用微计算机断层扫描法对无节段3D 组织学进行固定染色、全尺寸、毫米度试样的刚性嵌入

此方法使您能够从小毫米尺度样本（包括小型模型生物体）生成三维组织学图像。此技术的主要优点是嵌入式样本非常稳定，使您能够长时间保留样品，并多次对样本进行成像，例如使用多年来不同的成像方法。这种方法的输出对于高通量模型系统现象学、毒理学，甚至潜在的人体组织诊断都非常有用。

一般来说，由于样品相对较小且难以定位或操纵，因此对这种方法的个体会比较困难。视觉演示至关重要，因为需要注意避免样品损坏。对于幼鱼或年长的斑马鱼，在固定之前至少饿死它们，以减少肠道含量的体积。

将 10%中性缓冲液或 NBF 和 2x 三分素-S 预冷却到 4 摄氏度到冰上。将鱼水体积加倍，使用冷藏2x MS-222，实现快速人道的安乐死。鱼停止移动60秒后，人道安乐死后，将鱼放在冰镇10%NBF溶液中，在室温下放在平底玻璃瓶中，并在夜间修复。

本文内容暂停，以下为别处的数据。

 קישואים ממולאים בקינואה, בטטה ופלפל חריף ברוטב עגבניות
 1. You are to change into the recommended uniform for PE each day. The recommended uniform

第二天，在1x PBS pH 7.4中冲洗固定鱼标本三次，每次冲洗10分钟。洗涤后，将样品淹没在35%乙醇中，并在室温下用温和的搅拌孵育20分钟。然后用50%乙醇重复此步骤。

在室温下将新鲜准备好的0.3%磷酸或PTA溶液中孵育，并轻轻搅拌以染色。开始第三天，准备100%乙醇和LR白色丙烯酸树脂的一对一体积混合物。在70%乙醇中冲洗样品三次，每次10分钟，然后在室温下将样品孵育为90%乙醇，温和搅拌30分钟。

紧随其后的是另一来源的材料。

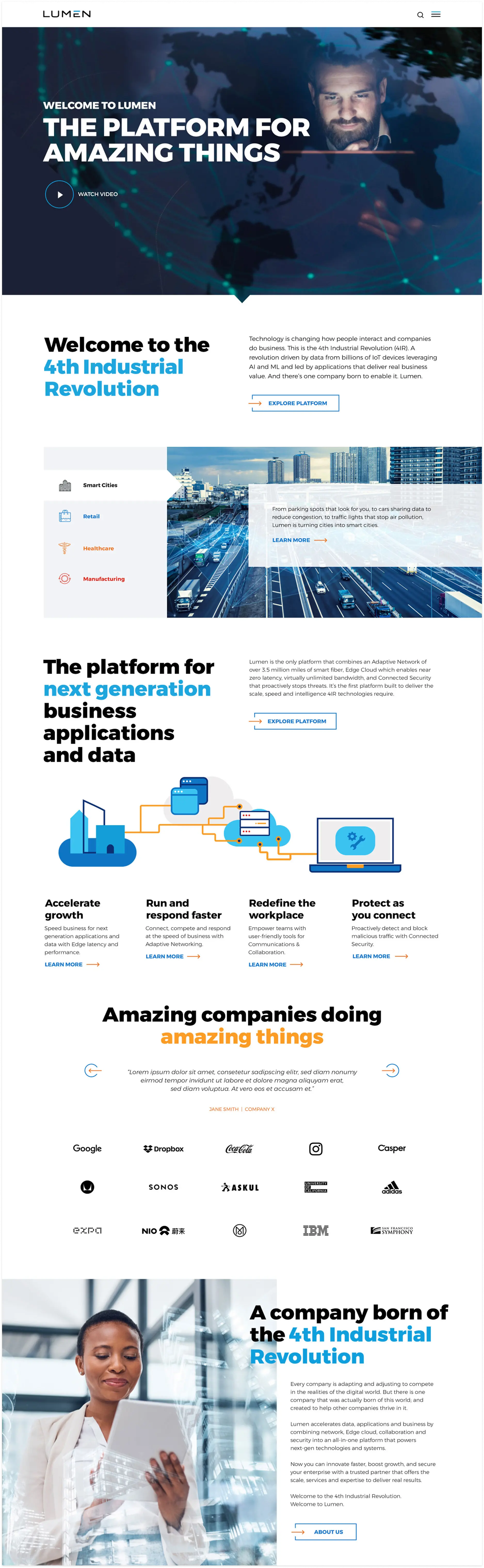 Lumen Technologies delivers enterprise networking and infrastructure solutions worldwide. Working with DRZP, we supported the design of key website templates to help extend the brand across B2B communications following the rebrand. We also produced a large volume of animated banners and social media assets.

在相同的条件下重复孵育，但95%乙醇，然后用100%乙醇再重复两次。最后，将样品淹没在一对一乙醇和LR白色丙烯酸树脂混合物中，并在室温下孵育过夜，轻轻搅拌。第四天，从小瓶中去除混合物，加入100%LR白色树脂，将样品淹没。

在室温下孵育两小时，轻轻搅拌。两小时后，用新鲜的100%LR白色树脂更换树脂，并在室温下用温和的搅拌孵育一小时。要组装嵌入装置，请使用直径至少为 0.1 毫米的聚 MI 管，并将其切割为 30 毫米的标准长度。

然后将 P1000 微管头连接到嵌入适配器的白色端，并将聚 MI 管插入其窄端。样品在100%LR白色树脂中孵育一小时后，将其转移到一艘小型称重船上，将其完全淹没在100%LR白色树脂中。将嵌入装置的管子对对在固定样品的宽端或朝向头部，然后缓慢地将试样移入管子中。

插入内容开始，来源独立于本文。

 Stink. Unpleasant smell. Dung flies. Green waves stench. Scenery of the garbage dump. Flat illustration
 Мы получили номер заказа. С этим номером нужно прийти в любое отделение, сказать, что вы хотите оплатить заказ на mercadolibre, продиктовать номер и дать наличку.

将样品放置在油管中间，确保样品上方和下方的管子充满树脂。紧接着，为了密封管子的开端，将一块油基软建模粘土压扁成一块约一毫米厚的薄片，并在食指和中指之间稳定管子。然后用拇指慢慢将粘土压在管子的端端，并去除多余的粘土。

从微管头上拆下嵌入装置。通过轻轻的旋转拉出管子。在用手指对着密封端以防止粘土弹出时，通过缓慢地将未密封的管子端推入粘土中来密封另一端。

将管子水平放在管架上，使树脂在烤箱中 65 摄氏度下聚合 24 小时。在第二天结束时，收集样本以进行图像采集。成功嵌入的斑马鱼幼虫没有气泡捕获。

如果空气在嵌入过程中被捕获，如果在聚合过程中样品未水平放置，则空气可能会向样品移动，从而降低图像质量。该协议成功地嵌入了各种模型生物体。如斑马鱼、果蝇、达芙尼亚和老鼠胚胎。

成功的嵌入可以通过重建的 3D 渲染显示出来，通过微 CT 扫描对斑马鱼、达芙尼亚鱼和果蝇进行成像。在样品外的所有扫描中都可以看到嵌入树脂，但不会干扰样品本身。这些标本可以长期储存，并重复使用用于多次成像，如2011年成像的斑马鱼幼虫所示。

然后在 2013 年再次。解剖特征在储存后保留，从两次扫描的肌肉特写镜头中可以看到。此外，沿分段线与相应平均值规范化的强度剖面显示两次扫描中的空间匹配局部峰值。

两次扫描中选定区域的平均强度值除以背景的平均值，用于生成信号与噪声比，这些比率在扫描之间非常对应。在尝试此方法时，必须轻轻工作以避免样品损坏，并仔细工作以防止气泡的引入。按照此过程，其他方法，如组织学或电子显微镜，可用于研究蛋白质表达模式，或实现更高的分辨率，在2D感兴趣的区域。

我们希望，本出版物将帮助您获得高分辨率组织微CT的力量。